I readjust, and the chair squeaks beneath me.

“But you didn’t do that. You called me. What’s going on, Noah?”

There’s a shifting inside me. Years of self-preservation fighting against the new trust formed with the head shrink. I scrub my face with my hands, hoping it will help win the war, but it’s still hard as hell to open my mouth.
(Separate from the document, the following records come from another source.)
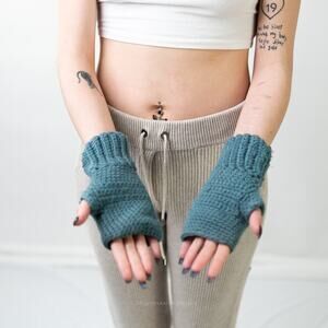 Handmade Crochet Knit Sky Blue Beanie Newsboy Cap & Fingerless Glove Set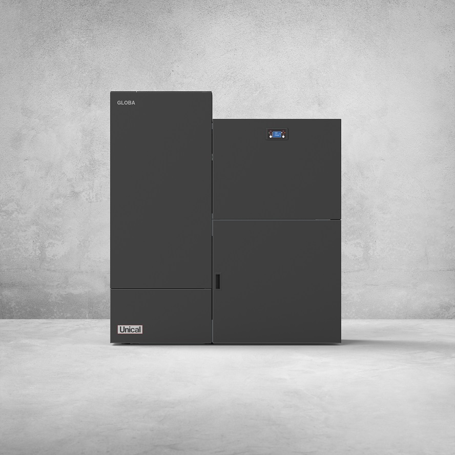caldaia a pelletGloba è la nuova caldaia a pellet ad alta efficienza con produzione A.C.S. presentata da UNICAL (Casteldario, MN). Una caldaia super compatta “all in one”, con soli 63 cm di profondità e classe energetica 5 Stelle, conforme ai regolamenti più restrittivi in materia di emissioni.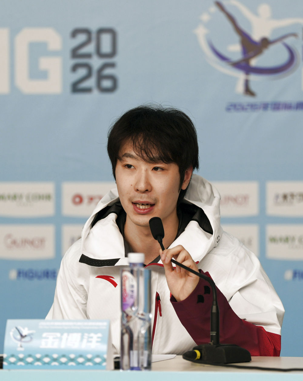 1月15日,中國花樣滑冰運動員金博洋在發布會上發言。新華社記者 謝晗 攝

“My mom ran away from them. At least that’s what Carrie and Joe said. And she never brought them up to me. In fact, she said they were dead, and she was an only child.”

“So your mother lied to you.”

“She didn’t,” I snap.

“She didn’t?”

She did, and I feel fucking betrayed. A strangled sound leaves my throat, and I lean forward. I feel betrayed and angry and pissed. “My mother never lied to me.”

Never lied and never downplayed. Not when one of our dogs died. Not when Grandma was diagnosed with stage-four cancer and then when Papa died of a broken heart six months after she passed. Never did my mother try to make a situation less than what it was.

* * *

Hurt is a part of life, Noah, she said to me when she held my hand at the hospital the last time I saw my grandmother. I’m not doing you any favors by shielding you from it. Besides, it’s always better to be honest.

“Tell me about your mom,” Mrs. Collins says when the silence must irritate her.

“She talked to me in Spanish.” Even when it pissed me off. She was a Spanish professor, and she was determined that I’d be as fluent as she was. “And she laughed a lot.”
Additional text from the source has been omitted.